Reporter: Barratut Taqiyyah Rafie, Dendi Siswanto | Editor: Barratut Taqiyyah Rafie
KONTAN.CO.ID - JAKARTA. Isu mengenai rencana kenaikan harga Bahan Bakar Minyak (BBM) bersubsidi oleh pemerintah semakin santer terdengar. Berdasarkan kabar yang beredar, pemerintah bakal menaikkan harga BBM jenis Pertalite menjadi Rp 10.000 dari sebelumnya Rp 7.650 per liter.
Menanggapi hal tersebut, Presiden Joko Widodo (Jokowi) angkat bicara. Melansir situs setkab.go.id, Jokowi menegaskan bahwa dirinya telah memerintahkan jajarannya untuk menghitung secara detail sebelum mengambil keputusan menaikkan harga Pertalite.
“Semuanya saya suruh hitung betul, hitung betul sebelum diputuskan,” tegas Presiden dalam keterangannya usai meninjau progres renovasi Taman Mini Indonesia Indah (TMII), di Jakarta, Selasa (23/08/2022).
Menurut Presiden, kenaikan harga Pertalite akan memberikan pengaruh besar terhadap hajat hidup orang banyak. Oleh karena itu, ia meminta jajarannya untuk berhati-hati terhadap dampak yang akan timbul dari kenaikan harga Pertalite.

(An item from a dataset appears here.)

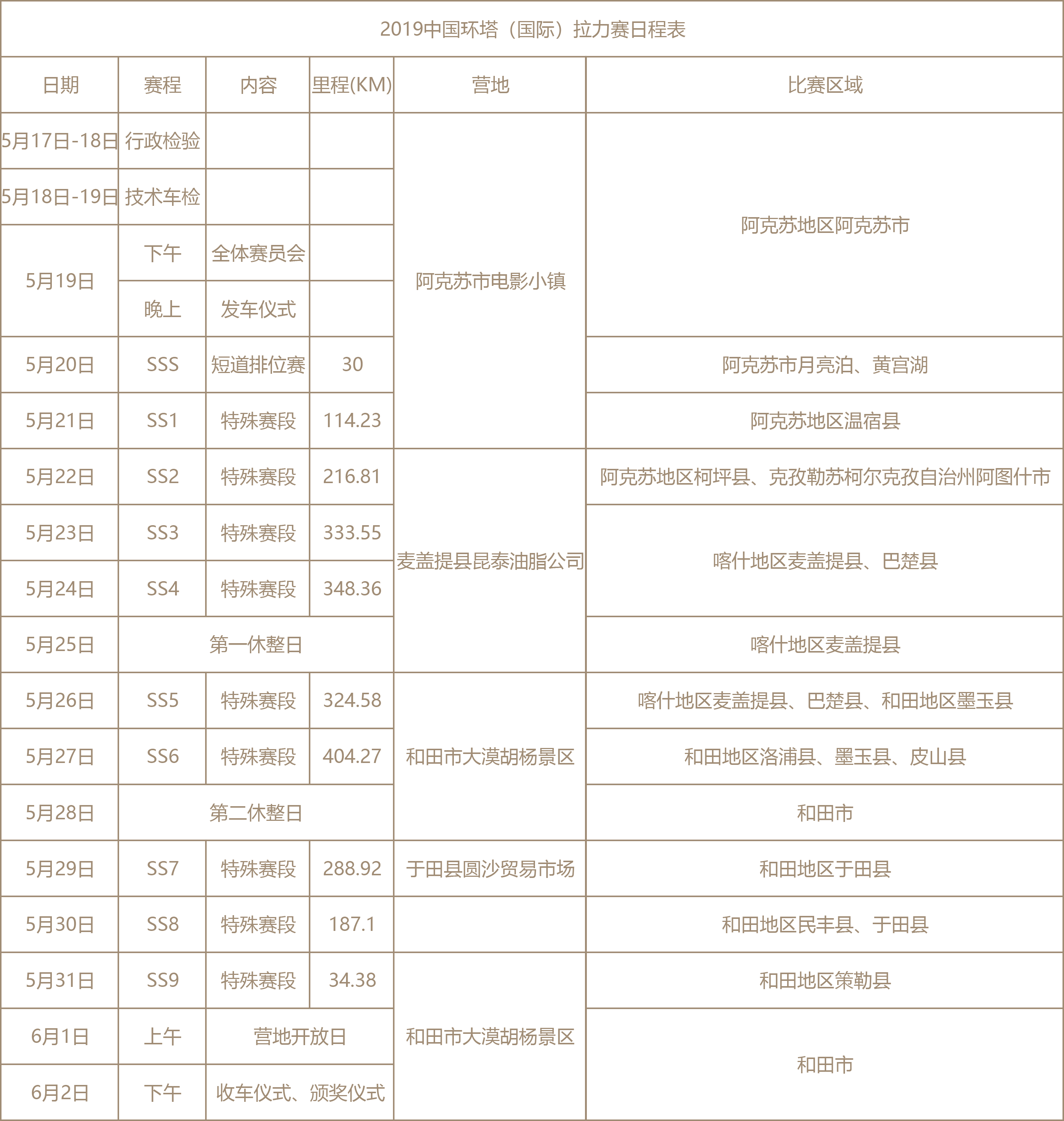 2019年環(huán)塔拉力賽將于5月17日至6月2日拉開新賽季的戰(zhàn)幕,歷時15天,全賽程預(yù)計5000公里,共為9個賽段,4個大營,分別為阿克蘇、喀什、于田以及和田。其中特殊賽段2500公里,沙漠比例將超過50%,特別設(shè)置了一個高達3100米的高海拔賽段,這是環(huán)塔歷史上第一次,也是近年來難度最高的一次。賽事從阿克蘇地區(qū)阿克蘇市開幕發(fā)車,途徑阿克蘇地區(qū)、克孜勒蘇柯爾克孜自治州、喀什地區(qū),最后在和田地區(qū)和田市閉幕收車。賽段涵蓋峽谷雅丹地貌、塔克拉瑪干沙漠腹地、戈壁及昆侖雪山等極具新疆特色的地形地貌,整個賽程將會給車手們帶來全新的挑戰(zhàn)。

“Ini menyangkut hajat hidup orang banyak, jadi semuanya harus diputuskan secara hati-hati, dikalkulasi dampaknya, jangan sampai dampaknya menurunkan daya beli rakyat, menurunkan konsumsi rumah tangga,” tutur Presiden.
Baca Juga: Pengamat UI Harapkan Kenaikan BBM Bersubsidi Tak Lebih dari 5%
Selain daya beli dan konsumsi masyarakat, Presiden juga mengingatkan jajarannya terhadap kenaikan inflasi dan penurunan pertumbuhan ekonomi nasional sebagai dampak yang akan timbul dari kenaikan harga Pertalite.
“Kemudian juga nanti yang harus dihitung juga menaikkan inflasi yang tinggi, kemudian bisa menurunkan pertumbuhan ekonomi,” ucapnya.
Dampak kenaikan harga Pertalite
Mengutip Kontan.co.id, Direktur Center of Economics and Law Studies (Celios) Bhima Yudhistira sepakat dengan pernyataan Jokowi. Dia mengatakan, kenaikan harga bahan bakar minyak (BBM) jenis subsidi terutama pertalite harus benar-benar dicermati dengan baik oleh pemerintah.
"Apa kondisi masyarakat miskin saat ini siap hadapi kenaikan harga BBM, setelah inflasi bahan pangan (volatile food) hampir sentuh 11% secara tahunan per Juli 2022," ujar Bhima kepada Kontan.co.id, Selasa (23/8).
Ia menyebut, masyarakat kelas menengah rentan juga akan terdampak dari kenaikan harga BBM tersebut.
Menurutnya, mungkin sebelumnya masyarakat kelas menengah rentan akan kuat membeli pertamax, tetapi sekarang mereka migrasi ke pertalite.
Baca Juga: Harga BBM Tidak Naik, Sri Mulyani: Anggaran Subsidi Bengkak Hingga Rp 700 Triliun
Dan jika apabila harga pertalite juga ikut naik maka kelas menengah juga akan mengorbankan belanja lain.
"Yang tadinya bisa belanja baju, mau beli rumah lewat KPR, hingga sisihkan uang untuk memulai usaha baru akhirnya tergerus untuk beli bensin," katanya.
Sehingga imbasnya, Bhima menyebut, permintaan industri manufaktur bisa terpukul dan pada akhirnya penyerapan tenaga kerja bisa terganggu. Alhasil target-target pemulihan ekonomi pemerintah bisa buyar.
Selain itu, jika inflasi menembus angka yang terlalu tinggi dan serapan tenaga kerja terganggu, Indonesia bisa menyusul negara lain yang bisa masuk fase stagflasi. Imbasnya, tiga hingga lima tahun pemulihan ekonomi bisa terganggu akibat daya beli masyarakat yang juga bisa menurun tajam.